I've always considered myself the "hopeless romantic" type, and I've always hoped I'd have a relatively normal, happy, fulfilling "love life". But, I'm now 24, going on 25, and I've had zero success whatsoever. The loneliness and lack of intimacy have really been wearing me down over the years. I rarely encounter girls I like enough to want to ask out on a date, and because it's so rare that when I do find someone, I get so emotionally invested so quickly, that when they inevitably turn me down, it wrecks me. I'm still very much hung up over the last girl I was into, and that was months ago (although, it doesn't help matters that I still see her pretty regularly; that's out of my control, though).

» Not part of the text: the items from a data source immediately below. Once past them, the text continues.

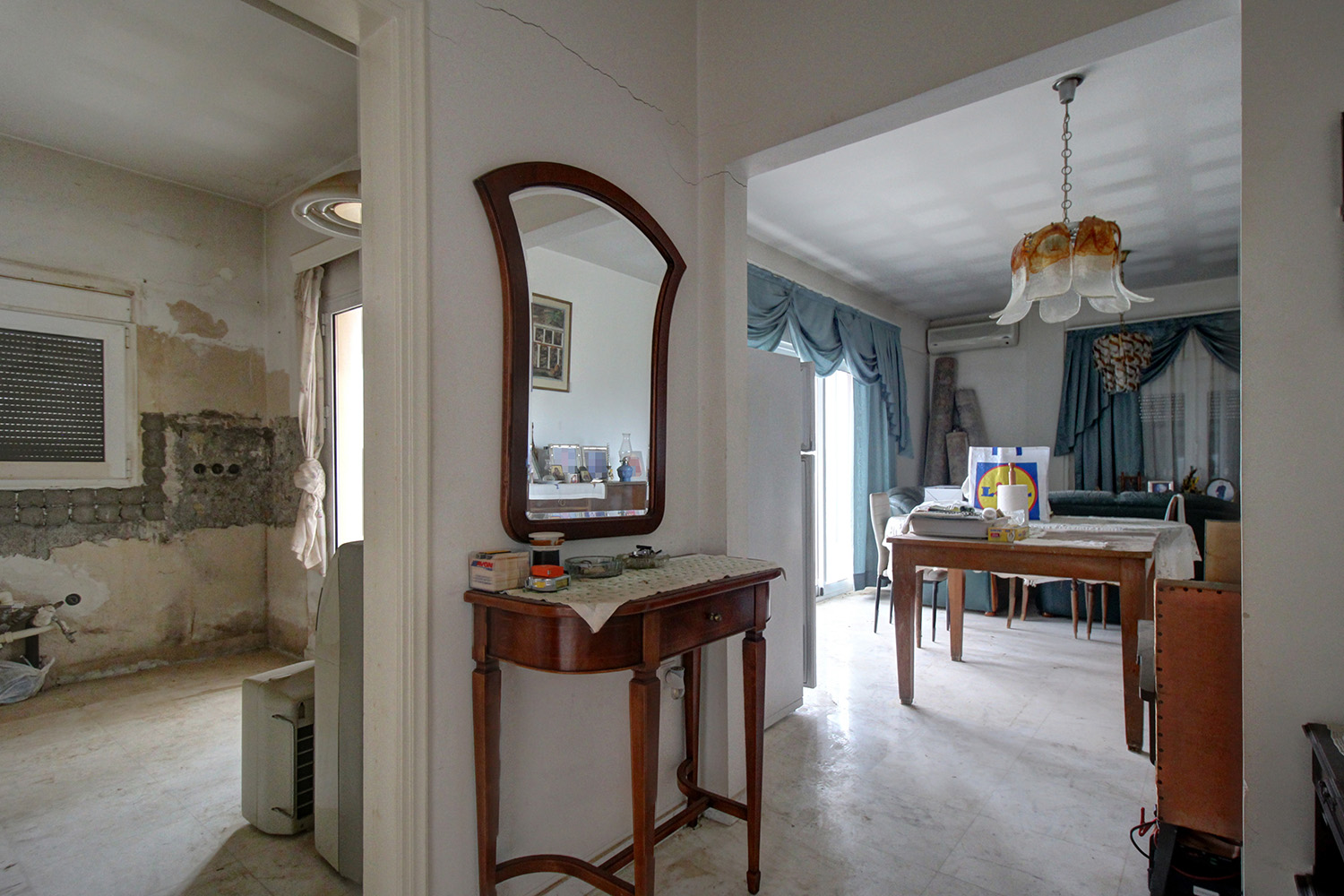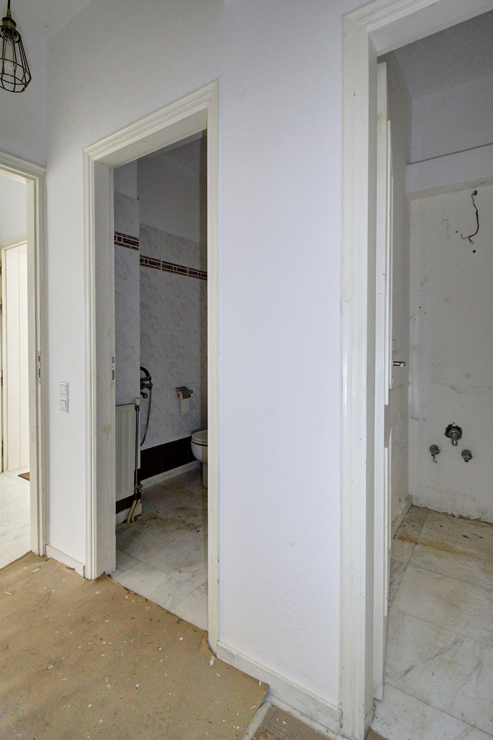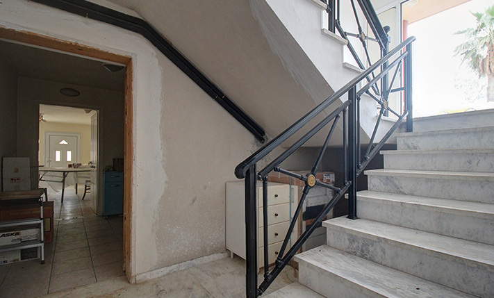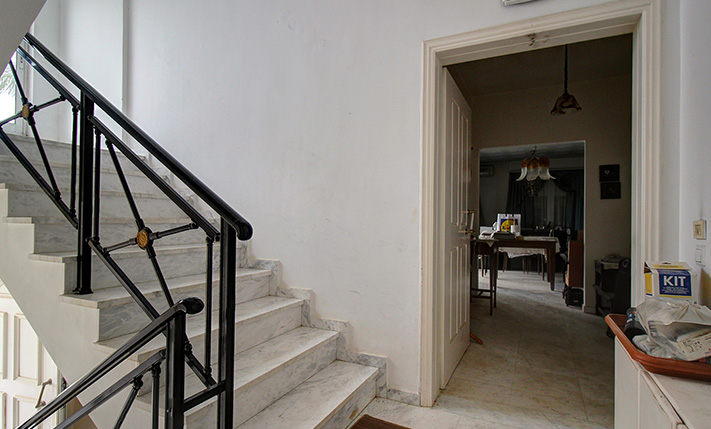 The property includes four apartments in total, which are connected by a central staircase that leads to the room of the rooftop terrace. One of the apartments is located in the basement, is approximately 53 m² and has natural light in all areas as well as an exit directly to the courtyard. On the ground floor there are two large apartments of 126 m² with three bedrooms in each. One of them has been partially renovated and a new kitchen has been installed while the installation of the kitchen is pending in the second. Both have an enclosed space with glass patio doors that faces the garden. The upper floor is occupied by a large apartment. The disadvantages of this part of the building are the many objects and the pending repairs but it definitely has luxurious elements that can be highlighted, such as the very large bright spaces, the completely white marble floors and the views that reach up the sea. The apartment has a total area of 194 m² and among other things has 4 bedrooms.
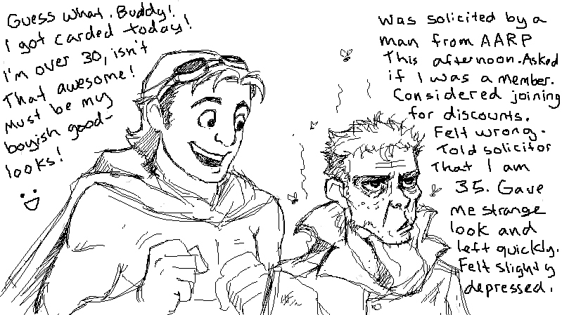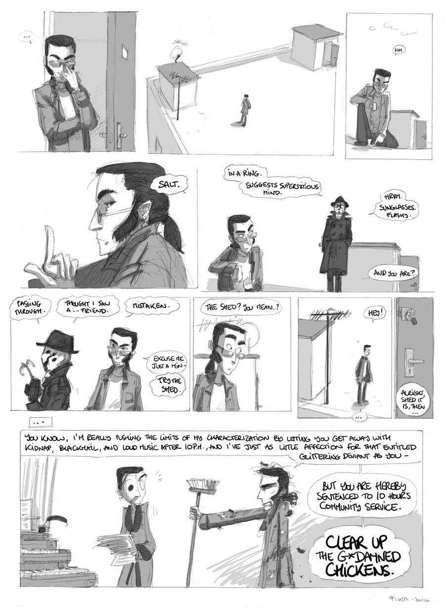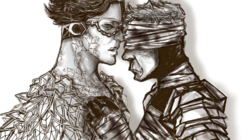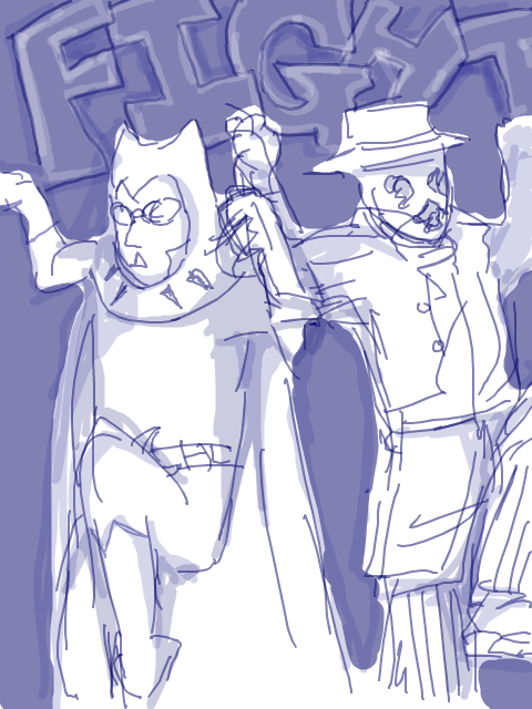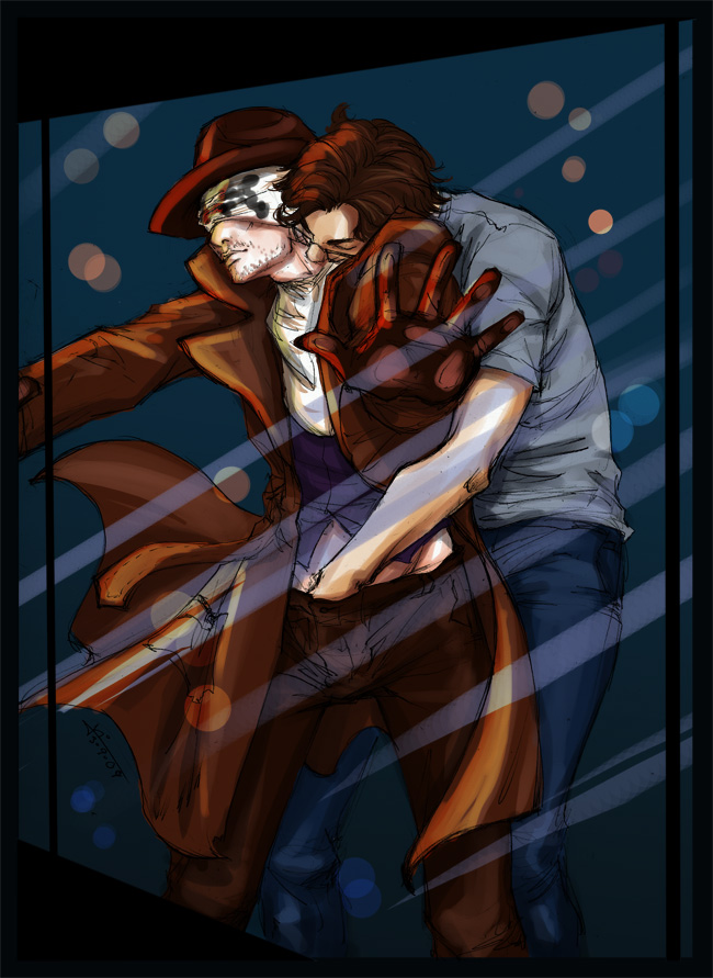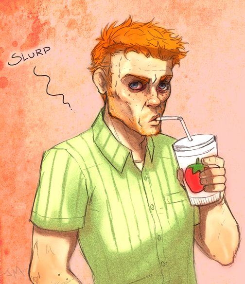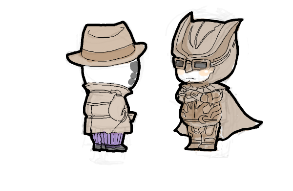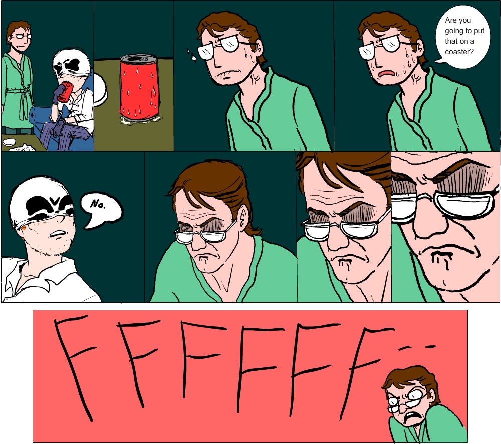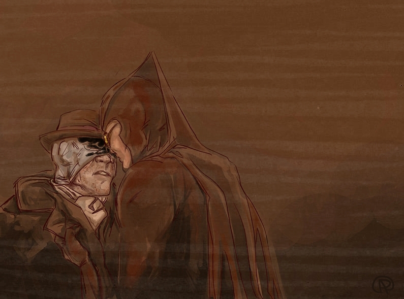 >>33530This is the fic that the picture is based off of. Never have been a more proud writer (even if this was sort of crack, written for kink meme)."Coasters NOT Optional"Nite Owl had challenged the tyrany of the Underboss, taken down criminals twice his size with twice the firepower. Hell, before Archimedes was ever in the picture, he was flinging himself across rooftops with a grappling gun and spring-soled boots (that had really been a bad idea, all things considered). He had never felt so close to death.It had been building up, really. It was only a matter of time. He had been pulling his hair out over the countless false alarms raised in the night from the clattering arising from his kitchen pantry. He woke up in the morning and there was no sugar for his goddamn coffee. Like a racoon- really, he couldn’t think of a better metaphor! Pawing through his inventory of canned goods, stealing away into the night without so much as a how-do-you-do. And just because he /had/ the money didn’t mean he /wanted/ to keep pulling it out of his pockets to keep repairing his door. He was beginning to entertain thoughts of having another housekey made, but then that would mean he was encouraging this sort of behavior.Then again, what did it say when he went out night after night without saying a thing to the perpetrator? Rorschach was there every night -unless he wasn’t, which Dan never got notice of- riding beside him in the hull of Archie or striding strong at his shoulder in the streets. Neither of them said anything about it, and Dan simply had to sigh and shake his head because he was just as an enabler. It wasn’t all bad, after all. Sometimes his partner lingered when caught in the act of poaching, sat at the table and humored Daniel’s attempts at casual conversation. Sometimes. Or they talked about the next big bust, the details of their next mission, which he knew the masked man was much more eager for. And that was pleasant.Lately, though, lately it had been trying Dan’s saint-worthy patience. Five nights in a row, they’d been chasing down a drug ring that seemed to be three steps ahead. Much to Nite Owl’s dismay, they had even taken the sewers in hopes of surprising what they had been led to believe was one of the higher up officers. Again, a little fish, a front man that knew as much about anything as the vigilantes. Another address to search, an abandoned warehouse to show for it. Even if he let Rorschach drag him through the streets until he was raw one breadcrumb after another, Nite Owl knew they were going to have to slip back under the radar again, wait for mistakes to be made. He knew it wasn’t what his partner wanted to hear, wasn’t something he would be convinced of through the same trivialities that made Dan want to throw his hands up.He awoke to the sound of his basement door hitting the wall downstairs, meaning his partner had taken the route into the lair. Probably had taken some tools too. Dan reluctantly rose from his bed- he knew Rorschach wasn’t getting any sleep over this. Infuriated, no doubt, that he kept being had. Couldn’t blame him, but something needed to be said.Daniel found him with a can of peaches in one hand and a can of Coca-Cola in the other, nestled in the crook of his downstairs couch. He had his mask drawn up to his nose, all square jaw and stubble and loud noises as he slurped the juice from the peach can.“Amastad another wash. Potential bases running out.” Was all he had to offer. He had a dog-eared map spread on the table before him, marks all over it where they had found information and crossed out every failure. Dan noticed they had increased substancially.“I’ll say,” Dan mused, “You’ve nearly covered the whole city.”“Necessary for success.”“Yes, desperation calls for drastic measures...”There is a tense silence. Rorschach chews on a peach slice with ruthless fervor. Schlorp schlorp.“Listen, Rorschach,” Dan sighs, feeling sorry for letting his exhaustion get the better of him. “They know we’re looking for them. Even the dumbest criminal can avoid an investigation if they know the roads we’re taking.”“So change course.” With the mask out of the way, Dan could see Rorschach was speaking through gritted teeth. He wasn’t going to let this go. He kind of had the pitbull thing going for him. But Dan wasn’t amused. He was tired and he was beginning to feel desperate for his friend.“We need to lay low for a while. Make them think that we quit.”“Hrn. But /they/ won’t quit.” He set the can of peaches down on the coffee table and cracked open his can of coke, taking long swallows and wrinkling his short nose reflexively as it burned all the way down. “Can’t let them win.”Daniel knew it. Somehow, Rorschach had gotten it into his head that he had something to prove to himself by persuing this case. Neither of them could possibly know it now, but things were going to get a lot worse in the future, the stakes would be much higher. Right now Daniel thought his partner was wound so tight he was bound to pass out from brain deterioration (from the man’s clear insomnia) all from clutching at coat tails. Rorschach was taking this way too seriously for his own good, but he was too damn ate up with it to see reason. And Dan wasn’t really good at being anything but reasonable when baring down his friends and colleagues. He was still grasping for something to say when Rorschach said it.“Don’t need to come. You rest, Daniel.”Maybe the masked man hadn’t meant it to be patronizing, didn’t mean for it to sound like he was implying Nite Owl step aside. But Daniel reared his head back like he had been slapped all the same, the words making him blink behind his glasses in rapidfire offense. It stings. He is a young man then, they both are, and he has his pride too.“You stubborn bastard, you’re going to be so dazed that /if/ you find them, they’re not even going to have to try an
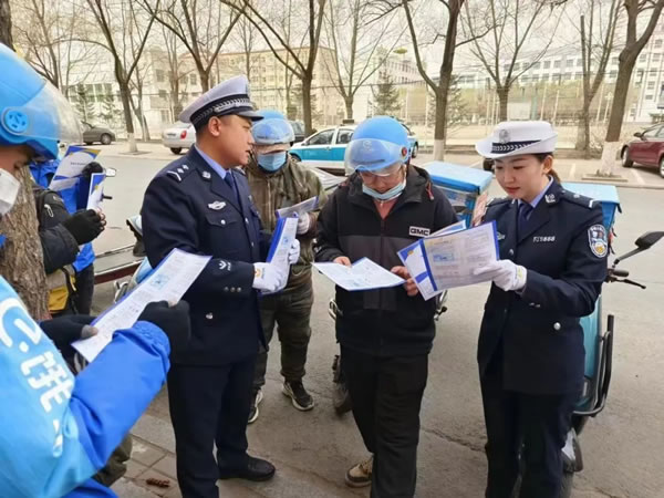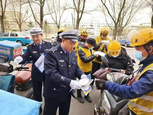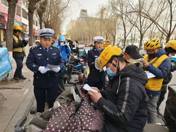 在快遞外賣企業(yè)及人員聚集場所,民警以發(fā)放宣傳資料、粘貼《黑龍江省電動(dòng)車管理?xiàng)l例》宣傳單等方式,詳細(xì)講解電動(dòng)車的種類、認(rèn)定標(biāo)準(zhǔn)、電動(dòng)車登記程序等通行規(guī)定。提醒廣大群眾在騎乘電動(dòng)車時(shí)要正確佩戴合格的安全頭盔,杜絕闖紅燈、逆向行駛、酒后駕駛等各類交通違法行為。引領(lǐng)廣大群眾遵守電動(dòng)車通行規(guī)定,摒棄交通陋習(xí),做到守法規(guī)知禮讓,安全文明出行。
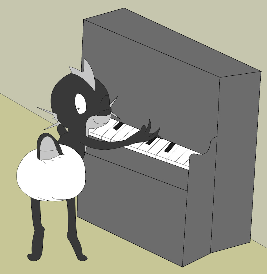 Heavily inspired by a picture drawn by Grimminhiscrib, I brought back 1930’s Leon. In this one, He’s playing his piano in front of a huge audience while shaking his padded posterior around.
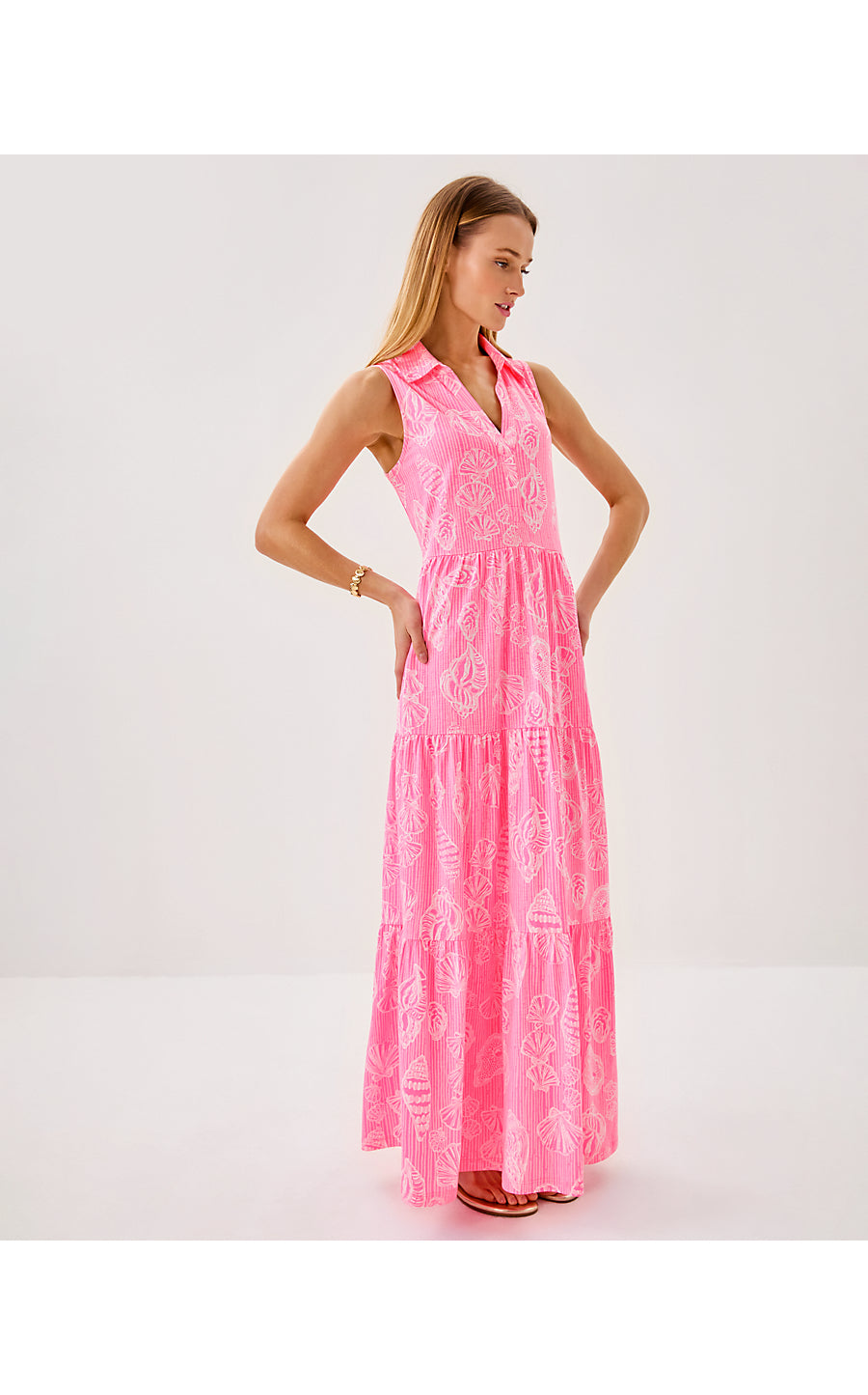 - Swing fit, tiered maxi dress with a collar and half placket.

Honestly, I can't say I believe it's possible for me to have any of that. I've been questioning whether there's anyone out there for me for the longest time, and now more than ever, I don't think I believe there is. And even if there is, I'll never be good enough for them to want to be with me. So, the only logical thing I can think to do is figure out how to "turn it off", "shut it down", if you will. I'm not just talking about being "okay with being alone", I'm saying I want to completely submit to the idea that I cannot have anyone in my life. I don't want to ever have "feelings" for a girl again. I want to be completely numb and resistant to the idea of dating, being in a relationship, etc. I basically want to not want it.
But how exactly do you go about doing that? Especially when I've always been that "hopeless romantic" type, and I've always wanted that "love life" so badly? How do I just remove that from myself?